Last Updated 26 February 2017, 18:14 IST

Cyber security has come a long way since 1988, when Robert Tappan Morris attempted to gauge how big the Internet was by releasing one of the first recognised worms to infect the world’s nascent cyber infrastructure.

The worm relied upon weaknesses in the UNIX system to replicate itself. Once infected, computers slowed down to the point of being unusable. Tappan became the first person convicted under the United States Computer Fraud and Abuse Act.

Since then, we have seen an increase in cyber hacking and subsequent scams taking us beyond individual “Geeks” gaining access and criminals looking for easy money, to a new cyber underworld of transnational networks and state-sponsored cyber spies.

In the process, sophisticated hackers continue to gain access to personal, banking and government information as well as military and industrial secrets. No sector of cyber has gone untouched.

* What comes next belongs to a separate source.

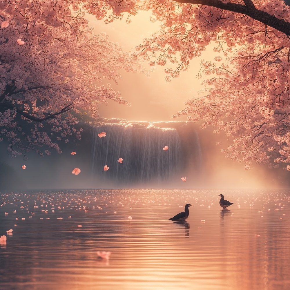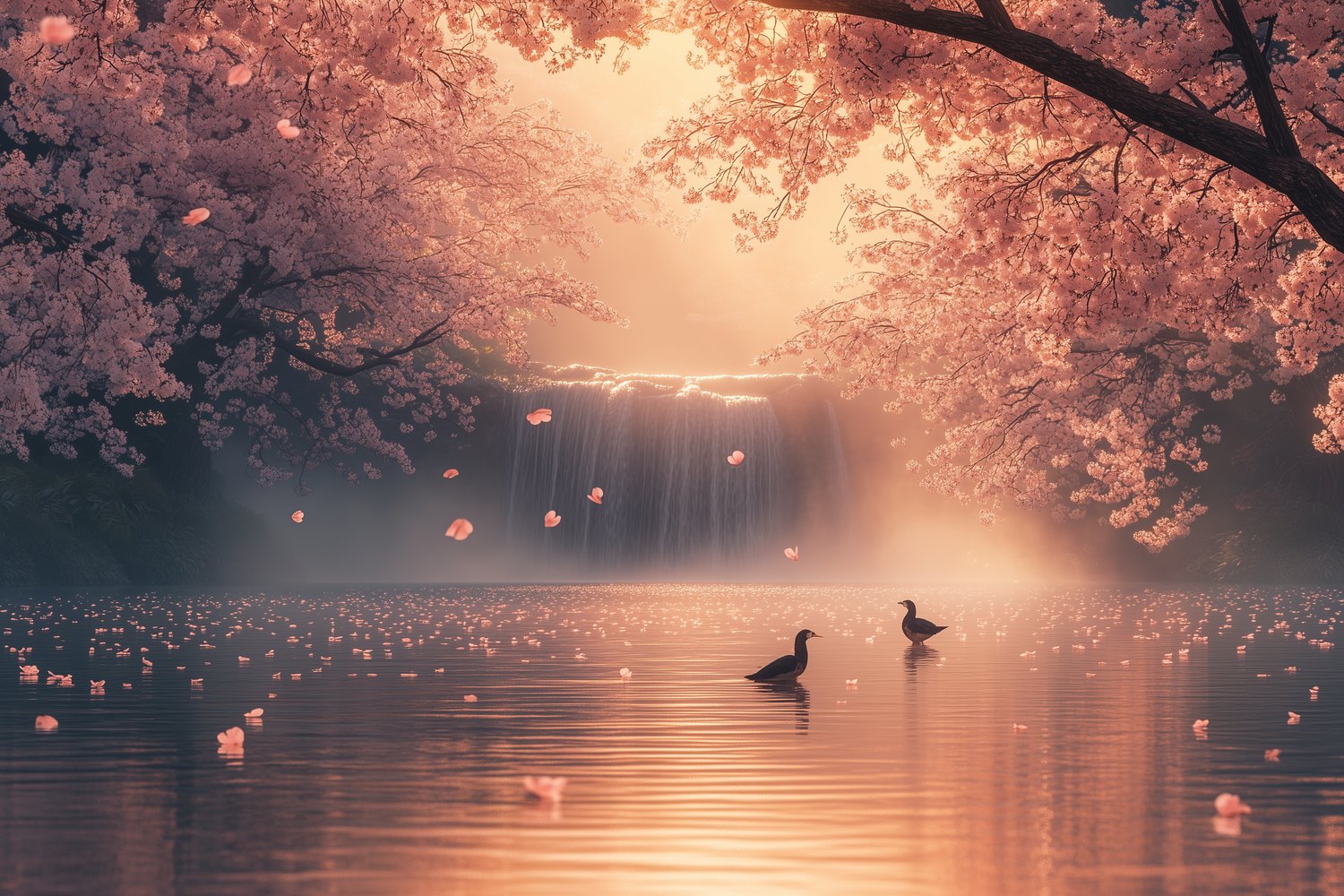 Betoverende waterval met eenden behang
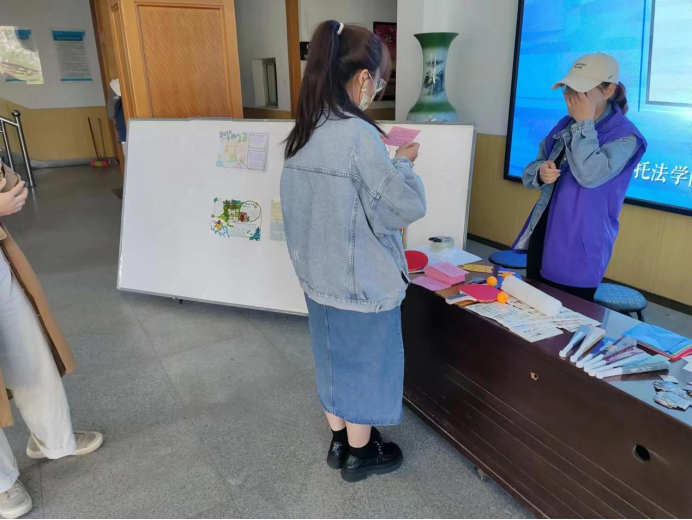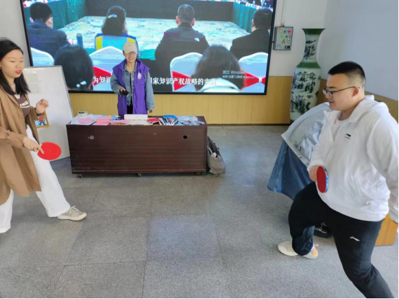 4月27日,在学院大厅与门口设置知识产权宣传摊位,并开展了乒乓球互传、法条拼接、知识产权拼图和知识产权大问答趣味小游戏,展出了知识产权手抄报制作活动的优秀作品。

A major shift in cyber attacks occurred in October 2010 with the release and detection of the Stuxnet worm. Stuxnet specifically targeted programmable logic controll­ers (PLCs) that control of vast array of automated processes including factory floors, chemical plants, oil refineries, pipelines, electrical grid systems and, in this case, Siemens PLCs that controlled Iranian centrifuges for separating nuclear material.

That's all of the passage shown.